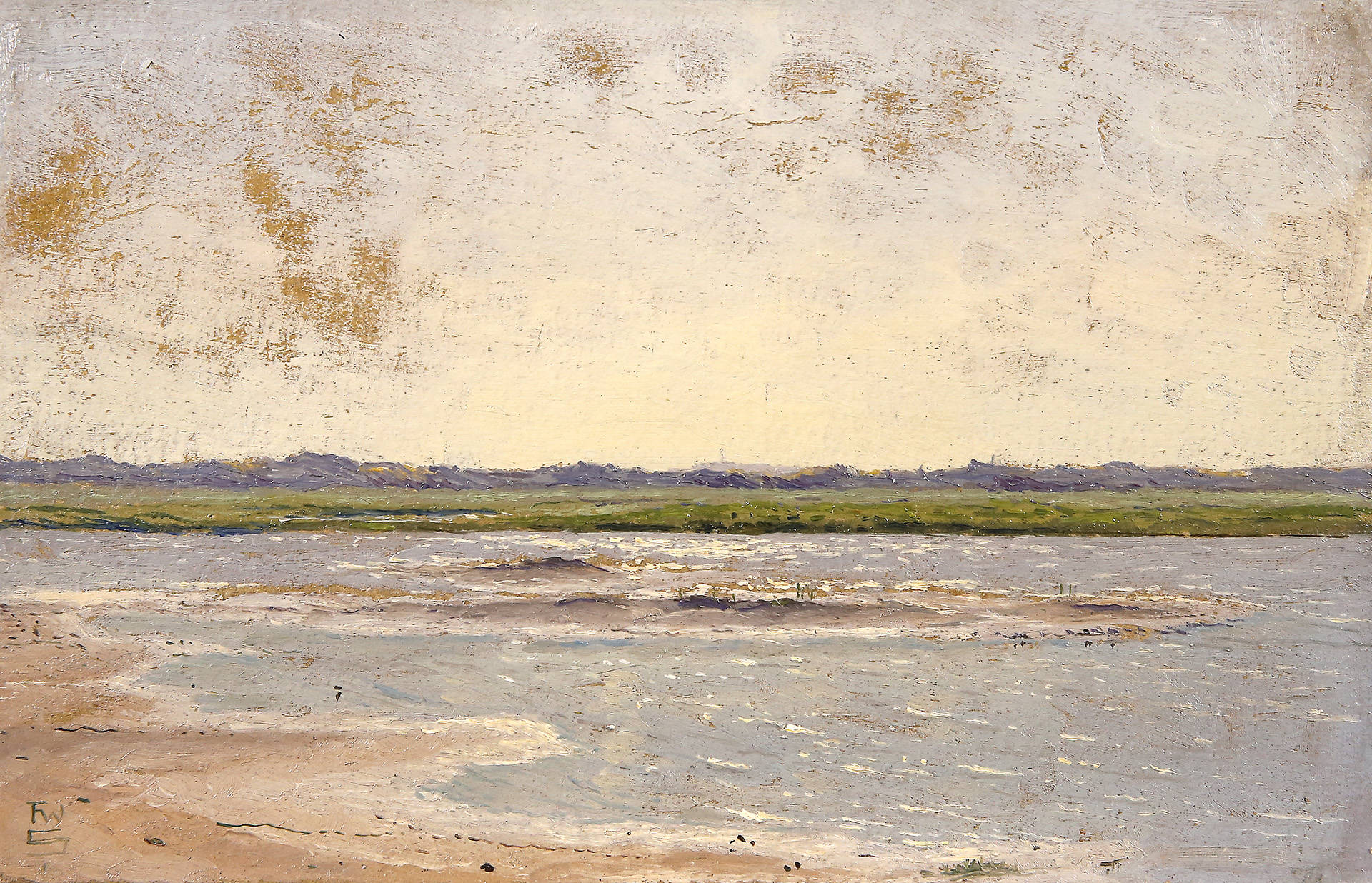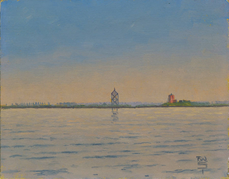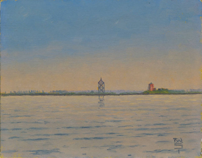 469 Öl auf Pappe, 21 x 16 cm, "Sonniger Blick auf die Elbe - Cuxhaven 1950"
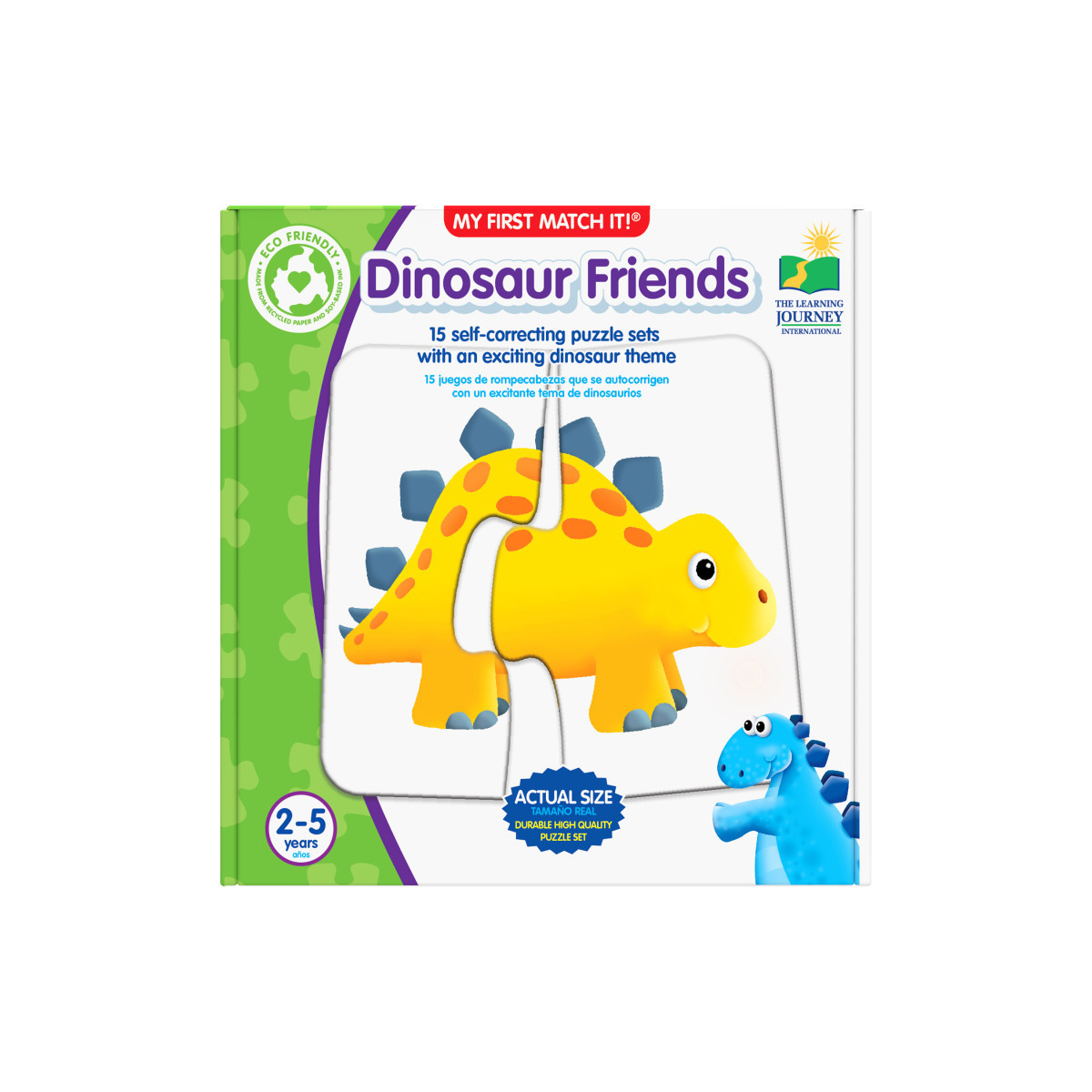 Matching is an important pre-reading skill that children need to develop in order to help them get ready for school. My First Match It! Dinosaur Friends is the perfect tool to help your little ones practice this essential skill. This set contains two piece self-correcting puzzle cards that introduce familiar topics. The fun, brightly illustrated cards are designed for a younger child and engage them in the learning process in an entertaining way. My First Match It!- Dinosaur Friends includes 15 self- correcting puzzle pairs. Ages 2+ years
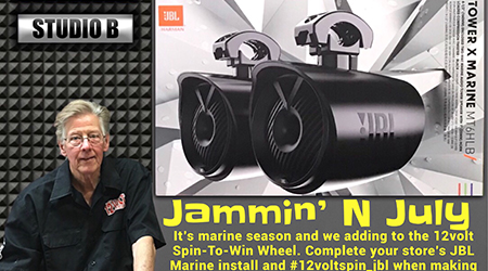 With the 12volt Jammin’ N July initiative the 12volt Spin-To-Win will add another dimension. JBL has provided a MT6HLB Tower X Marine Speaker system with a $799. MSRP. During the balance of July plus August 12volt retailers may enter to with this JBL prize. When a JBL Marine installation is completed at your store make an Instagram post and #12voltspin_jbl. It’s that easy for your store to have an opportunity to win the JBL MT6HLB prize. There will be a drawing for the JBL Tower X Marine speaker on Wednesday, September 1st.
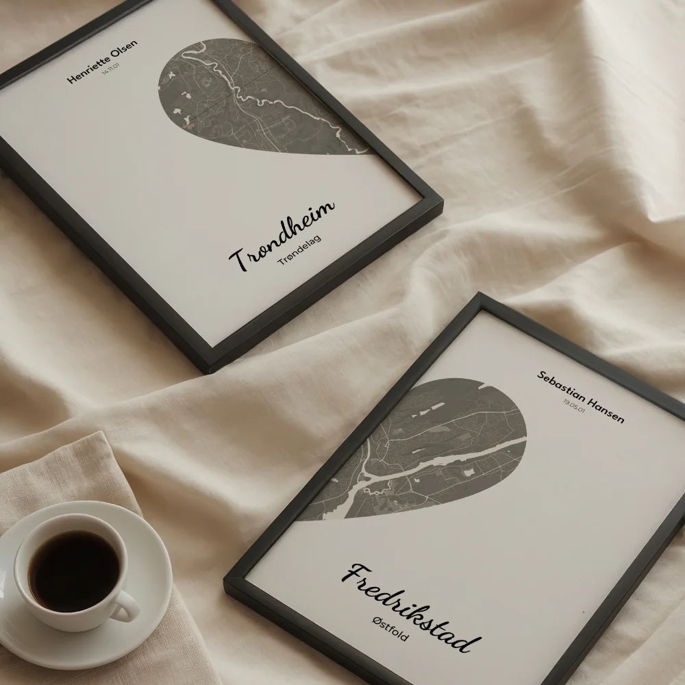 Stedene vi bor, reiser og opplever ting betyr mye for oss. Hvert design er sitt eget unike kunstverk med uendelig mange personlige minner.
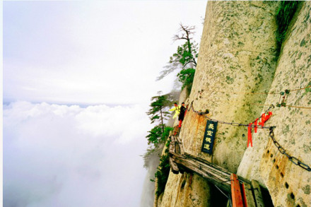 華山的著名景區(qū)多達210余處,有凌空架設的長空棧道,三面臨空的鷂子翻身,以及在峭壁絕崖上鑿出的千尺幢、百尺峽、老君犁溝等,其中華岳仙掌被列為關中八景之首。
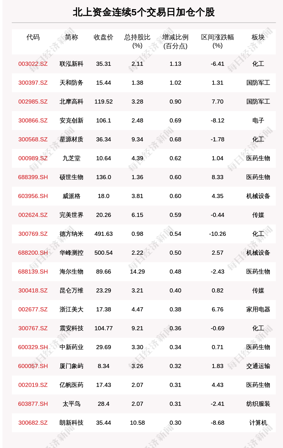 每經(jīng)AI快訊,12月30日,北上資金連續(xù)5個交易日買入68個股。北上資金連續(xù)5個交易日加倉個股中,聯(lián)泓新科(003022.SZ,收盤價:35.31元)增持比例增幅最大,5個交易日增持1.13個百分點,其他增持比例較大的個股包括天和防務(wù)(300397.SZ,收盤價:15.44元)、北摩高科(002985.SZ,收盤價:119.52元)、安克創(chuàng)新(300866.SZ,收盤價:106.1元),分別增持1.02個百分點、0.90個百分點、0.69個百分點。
--------
This task calls for the records to be copied exactly, without pictures.

• ANSWER FOR THIS EXERCISE
 469 Öl auf Pappe, 21 x 16 cm, "Sonniger Blick auf die Elbe - Cuxhaven 1950"
 Matching is an important pre-reading skill that children need to develop in order to help them get ready for school. My First Match It! Dinosaur Friends is the perfect tool to help your little ones practice this essential skill. This set contains two piece self-correcting puzzle cards that introduce familiar topics. The fun, brightly illustrated cards are designed for a younger child and engage them in the learning process in an entertaining way. My First Match It!- Dinosaur Friends includes 15 self- correcting puzzle pairs. Ages 2+ years
 With the 12volt Jammin’ N July initiative the 12volt Spin-To-Win will add another dimension. JBL has provided a MT6HLB Tower X Marine Speaker system with a $799. MSRP. During the balance of July plus August 12volt retailers may enter to with this JBL prize. When a JBL Marine installation is completed at your store make an Instagram post and #12voltspin_jbl. It’s that easy for your store to have an opportunity to win the JBL MT6HLB prize. There will be a drawing for the JBL Tower X Marine speaker on Wednesday, September 1st.
 Stedene vi bor, reiser og opplever ting betyr mye for oss. Hvert design er sitt eget unike kunstverk med uendelig mange personlige minner.
 華山的著名景區(qū)多達210余處,有凌空架設的長空棧道,三面臨空的鷂子翻身,以及在峭壁絕崖上鑿出的千尺幢、百尺峽、老君犁溝等,其中華岳仙掌被列為關中八景之首。
 每經(jīng)AI快訊,12月30日,北上資金連續(xù)5個交易日買入68個股。北上資金連續(xù)5個交易日加倉個股中,聯(lián)泓新科(003022.SZ,收盤價:35.31元)增持比例增幅最大,5個交易日增持1.13個百分點,其他增持比例較大的個股包括天和防務(wù)(300397.SZ,收盤價:15.44元)、北摩高科(002985.SZ,收盤價:119.52元)、安克創(chuàng)新(300866.SZ,收盤價:106.1元),分別增持1.02個百分點、0.90個百分點、0.69個百分點。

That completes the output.